Belle-DIRAC Setup for Using Amazon Elastic Compute Cloud

  • Authors:
  • Ricardo Graciani Diaz;Adria Casajus Ramo;Ana Carmona Agüero;Thomas Fifield;Martin Sevior

  • Affiliations:
  • University of Barcelona, Barcelona, Spain;University of Barcelona, Barcelona, Spain;University of Barcelona, Barcelona, Spain;University of Melbourne, Melbourne, Australia;University of Melbourne, Melbourne, Australia

  • Venue:
  • Journal of Grid Computing
  • Year:
  • 2011

Quantified Score

Hi-index 0.00

Visualization

Abstract

The Distributed Infrastructure with Remote Agent Control (DIRAC) software framework allows a user community to manage computing activities in a distributed environment. DIRAC has been developed within the Large Hadron Collider Beauty (LHCb) collaboration. After successful usage over several years, it is the final solution adopted by the experiment. The Belle experiment at the Japanese High Energy Accelerator Research Organization (KEK) has the purpose of studying matter/anti-matter asymmetries using B mesons. During its lifetime, Belle detector has collected about 5,000 terabytes of real and simulated data. The analysis of this data requires an enormous amount of computing intensive Monte Carlo simulation. The Belle II experiment, which recently published its technical design report, will produce 50 times more data. Therefore it is interested to determine if commercial computing clouds can reduce the total cost of the experiment's computing solution.

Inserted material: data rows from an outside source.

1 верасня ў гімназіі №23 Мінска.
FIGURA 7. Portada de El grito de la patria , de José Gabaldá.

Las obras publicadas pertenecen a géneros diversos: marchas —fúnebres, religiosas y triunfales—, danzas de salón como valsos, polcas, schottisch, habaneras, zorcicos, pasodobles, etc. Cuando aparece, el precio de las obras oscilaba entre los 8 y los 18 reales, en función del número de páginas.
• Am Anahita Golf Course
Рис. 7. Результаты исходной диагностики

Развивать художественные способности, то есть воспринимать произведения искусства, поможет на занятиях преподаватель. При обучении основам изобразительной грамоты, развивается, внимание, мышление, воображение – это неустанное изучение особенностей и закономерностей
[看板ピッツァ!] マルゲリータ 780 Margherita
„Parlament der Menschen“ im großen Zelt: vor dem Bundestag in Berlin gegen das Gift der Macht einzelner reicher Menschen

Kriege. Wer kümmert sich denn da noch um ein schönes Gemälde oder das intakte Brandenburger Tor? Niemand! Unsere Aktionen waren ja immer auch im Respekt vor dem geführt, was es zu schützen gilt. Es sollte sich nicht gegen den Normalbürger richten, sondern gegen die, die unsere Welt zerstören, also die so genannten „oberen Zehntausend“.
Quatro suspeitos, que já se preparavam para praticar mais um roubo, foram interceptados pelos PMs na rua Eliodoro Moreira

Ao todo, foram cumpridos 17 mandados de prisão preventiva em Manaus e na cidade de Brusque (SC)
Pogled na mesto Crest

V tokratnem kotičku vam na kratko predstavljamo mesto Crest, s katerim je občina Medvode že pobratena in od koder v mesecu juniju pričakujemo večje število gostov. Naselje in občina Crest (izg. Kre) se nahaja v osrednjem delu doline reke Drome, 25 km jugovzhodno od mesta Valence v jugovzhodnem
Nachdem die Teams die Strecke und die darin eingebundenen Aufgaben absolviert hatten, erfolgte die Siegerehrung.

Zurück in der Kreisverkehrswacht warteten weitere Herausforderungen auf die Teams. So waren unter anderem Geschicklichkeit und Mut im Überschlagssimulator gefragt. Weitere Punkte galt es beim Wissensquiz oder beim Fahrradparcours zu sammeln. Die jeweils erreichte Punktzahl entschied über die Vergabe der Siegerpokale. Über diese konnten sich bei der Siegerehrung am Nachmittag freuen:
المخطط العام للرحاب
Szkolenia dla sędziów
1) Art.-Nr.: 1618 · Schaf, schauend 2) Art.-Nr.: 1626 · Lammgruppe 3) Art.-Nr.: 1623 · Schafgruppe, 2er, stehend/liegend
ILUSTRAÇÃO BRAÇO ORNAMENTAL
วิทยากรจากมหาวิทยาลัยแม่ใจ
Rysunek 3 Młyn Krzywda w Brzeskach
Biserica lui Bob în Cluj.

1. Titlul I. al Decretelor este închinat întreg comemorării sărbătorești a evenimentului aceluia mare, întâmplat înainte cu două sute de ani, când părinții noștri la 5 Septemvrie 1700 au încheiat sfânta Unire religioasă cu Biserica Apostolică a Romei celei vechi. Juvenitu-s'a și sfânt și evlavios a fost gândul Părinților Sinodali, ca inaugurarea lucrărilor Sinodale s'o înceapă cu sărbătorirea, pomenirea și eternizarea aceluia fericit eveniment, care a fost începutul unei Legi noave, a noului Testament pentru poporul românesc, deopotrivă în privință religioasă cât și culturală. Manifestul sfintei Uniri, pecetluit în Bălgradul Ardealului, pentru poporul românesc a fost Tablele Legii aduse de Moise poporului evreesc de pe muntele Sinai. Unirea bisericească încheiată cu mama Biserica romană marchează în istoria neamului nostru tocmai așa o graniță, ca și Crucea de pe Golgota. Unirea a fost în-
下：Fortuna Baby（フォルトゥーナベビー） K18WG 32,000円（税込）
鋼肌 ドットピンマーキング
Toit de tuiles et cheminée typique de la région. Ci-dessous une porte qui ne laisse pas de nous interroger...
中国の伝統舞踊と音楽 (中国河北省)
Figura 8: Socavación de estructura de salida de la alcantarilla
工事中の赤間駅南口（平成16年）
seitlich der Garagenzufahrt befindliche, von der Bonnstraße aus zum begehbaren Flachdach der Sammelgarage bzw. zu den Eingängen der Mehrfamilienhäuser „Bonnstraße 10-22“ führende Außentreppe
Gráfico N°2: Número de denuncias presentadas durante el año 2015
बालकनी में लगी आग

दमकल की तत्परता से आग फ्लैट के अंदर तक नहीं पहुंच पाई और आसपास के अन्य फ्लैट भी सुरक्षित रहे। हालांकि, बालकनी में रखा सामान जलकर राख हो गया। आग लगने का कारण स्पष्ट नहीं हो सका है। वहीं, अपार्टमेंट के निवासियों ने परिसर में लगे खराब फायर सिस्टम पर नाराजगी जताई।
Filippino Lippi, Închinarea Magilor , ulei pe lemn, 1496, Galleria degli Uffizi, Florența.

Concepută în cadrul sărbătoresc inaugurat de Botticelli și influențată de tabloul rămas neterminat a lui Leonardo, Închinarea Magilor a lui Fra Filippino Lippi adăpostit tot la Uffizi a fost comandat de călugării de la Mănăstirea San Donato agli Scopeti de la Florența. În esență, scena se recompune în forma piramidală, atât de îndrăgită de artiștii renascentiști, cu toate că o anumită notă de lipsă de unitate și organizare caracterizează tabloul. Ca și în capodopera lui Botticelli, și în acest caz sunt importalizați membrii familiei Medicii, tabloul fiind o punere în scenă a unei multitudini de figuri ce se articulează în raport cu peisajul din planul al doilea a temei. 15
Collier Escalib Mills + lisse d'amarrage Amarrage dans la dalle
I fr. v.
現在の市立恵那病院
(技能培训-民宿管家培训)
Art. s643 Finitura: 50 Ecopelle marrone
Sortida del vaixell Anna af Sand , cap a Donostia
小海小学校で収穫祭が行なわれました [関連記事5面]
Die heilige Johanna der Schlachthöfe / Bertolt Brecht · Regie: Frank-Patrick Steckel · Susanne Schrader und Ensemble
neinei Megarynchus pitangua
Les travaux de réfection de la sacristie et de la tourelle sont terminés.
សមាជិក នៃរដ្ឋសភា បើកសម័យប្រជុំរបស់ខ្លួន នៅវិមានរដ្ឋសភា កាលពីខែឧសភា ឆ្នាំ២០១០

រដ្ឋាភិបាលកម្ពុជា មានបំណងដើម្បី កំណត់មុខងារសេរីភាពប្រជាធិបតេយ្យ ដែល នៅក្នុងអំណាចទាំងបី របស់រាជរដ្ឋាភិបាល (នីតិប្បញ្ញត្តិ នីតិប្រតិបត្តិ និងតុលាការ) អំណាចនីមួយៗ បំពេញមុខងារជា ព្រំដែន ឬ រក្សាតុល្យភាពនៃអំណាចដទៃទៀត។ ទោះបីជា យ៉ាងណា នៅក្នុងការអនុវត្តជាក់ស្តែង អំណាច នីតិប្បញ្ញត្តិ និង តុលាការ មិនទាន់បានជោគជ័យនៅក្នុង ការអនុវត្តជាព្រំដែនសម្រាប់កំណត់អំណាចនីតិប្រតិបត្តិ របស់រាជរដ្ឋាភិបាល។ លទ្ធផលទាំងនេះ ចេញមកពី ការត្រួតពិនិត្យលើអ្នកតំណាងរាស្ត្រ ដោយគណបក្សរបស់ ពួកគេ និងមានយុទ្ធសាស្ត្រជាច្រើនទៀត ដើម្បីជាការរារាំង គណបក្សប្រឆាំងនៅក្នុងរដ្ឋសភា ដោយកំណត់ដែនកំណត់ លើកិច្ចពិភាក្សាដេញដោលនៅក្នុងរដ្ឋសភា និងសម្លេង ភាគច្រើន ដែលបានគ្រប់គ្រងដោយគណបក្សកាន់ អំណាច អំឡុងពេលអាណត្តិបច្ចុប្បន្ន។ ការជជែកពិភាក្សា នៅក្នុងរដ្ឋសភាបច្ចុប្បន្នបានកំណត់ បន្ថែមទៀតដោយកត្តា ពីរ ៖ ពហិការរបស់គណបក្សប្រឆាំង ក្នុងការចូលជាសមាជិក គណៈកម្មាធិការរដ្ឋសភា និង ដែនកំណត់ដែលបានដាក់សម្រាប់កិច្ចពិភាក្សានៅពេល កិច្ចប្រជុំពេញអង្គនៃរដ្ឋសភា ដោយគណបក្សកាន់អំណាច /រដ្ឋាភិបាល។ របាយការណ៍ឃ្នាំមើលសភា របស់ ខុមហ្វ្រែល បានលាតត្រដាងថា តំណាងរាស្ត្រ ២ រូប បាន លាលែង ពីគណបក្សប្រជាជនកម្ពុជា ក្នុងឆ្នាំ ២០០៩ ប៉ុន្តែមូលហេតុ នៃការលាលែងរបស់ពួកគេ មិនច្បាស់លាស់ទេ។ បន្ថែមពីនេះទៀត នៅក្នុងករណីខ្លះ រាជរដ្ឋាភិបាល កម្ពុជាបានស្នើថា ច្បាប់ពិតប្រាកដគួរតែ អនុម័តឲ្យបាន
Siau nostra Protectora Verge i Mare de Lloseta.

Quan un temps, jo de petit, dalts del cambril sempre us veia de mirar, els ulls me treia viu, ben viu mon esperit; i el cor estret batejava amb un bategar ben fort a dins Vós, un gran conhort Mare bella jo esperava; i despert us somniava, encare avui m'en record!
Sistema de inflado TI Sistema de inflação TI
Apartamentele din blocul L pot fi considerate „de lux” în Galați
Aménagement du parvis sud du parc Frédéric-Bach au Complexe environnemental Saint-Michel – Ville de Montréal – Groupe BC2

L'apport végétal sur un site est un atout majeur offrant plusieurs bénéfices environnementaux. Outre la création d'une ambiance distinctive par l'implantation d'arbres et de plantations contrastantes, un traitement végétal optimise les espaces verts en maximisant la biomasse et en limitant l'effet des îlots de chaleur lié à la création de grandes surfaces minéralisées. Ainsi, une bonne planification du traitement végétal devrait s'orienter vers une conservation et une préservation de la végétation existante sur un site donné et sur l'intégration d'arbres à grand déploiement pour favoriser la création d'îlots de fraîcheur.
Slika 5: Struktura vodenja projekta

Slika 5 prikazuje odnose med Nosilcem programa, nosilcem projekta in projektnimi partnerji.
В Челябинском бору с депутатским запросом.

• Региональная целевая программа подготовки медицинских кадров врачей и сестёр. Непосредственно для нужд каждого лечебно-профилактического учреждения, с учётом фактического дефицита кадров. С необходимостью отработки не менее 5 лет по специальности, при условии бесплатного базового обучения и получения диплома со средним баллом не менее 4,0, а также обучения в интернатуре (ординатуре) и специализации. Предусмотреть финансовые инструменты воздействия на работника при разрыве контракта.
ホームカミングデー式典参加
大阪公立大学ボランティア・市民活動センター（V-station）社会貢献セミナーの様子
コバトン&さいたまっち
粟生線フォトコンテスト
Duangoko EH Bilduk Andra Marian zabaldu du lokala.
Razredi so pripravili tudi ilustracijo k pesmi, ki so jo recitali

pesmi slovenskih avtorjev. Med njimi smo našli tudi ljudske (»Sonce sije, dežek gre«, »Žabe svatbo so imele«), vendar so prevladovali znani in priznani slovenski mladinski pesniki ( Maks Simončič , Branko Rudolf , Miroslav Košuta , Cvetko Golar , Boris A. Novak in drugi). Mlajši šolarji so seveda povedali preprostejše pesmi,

This paper describes the setup prepared to evaluate the performance and cost of this approach using real 2010 simulation tasks of the Belle experiment. The setup has been developed using DIRAC as the overall management tool to control both the tasks to be executed and the deployment of virtual machines using the Amazon Elastic Compute Cloud as service provider. At the same time, DIRAC is also used to monitor the execution, collect the necessary statistical data, and finally upload the results of the simulation to Belle resources on the Grid. The results of a first test using over 2000 days of cpu time show that over 90% efficiency in the use of the resources can easily be achieved.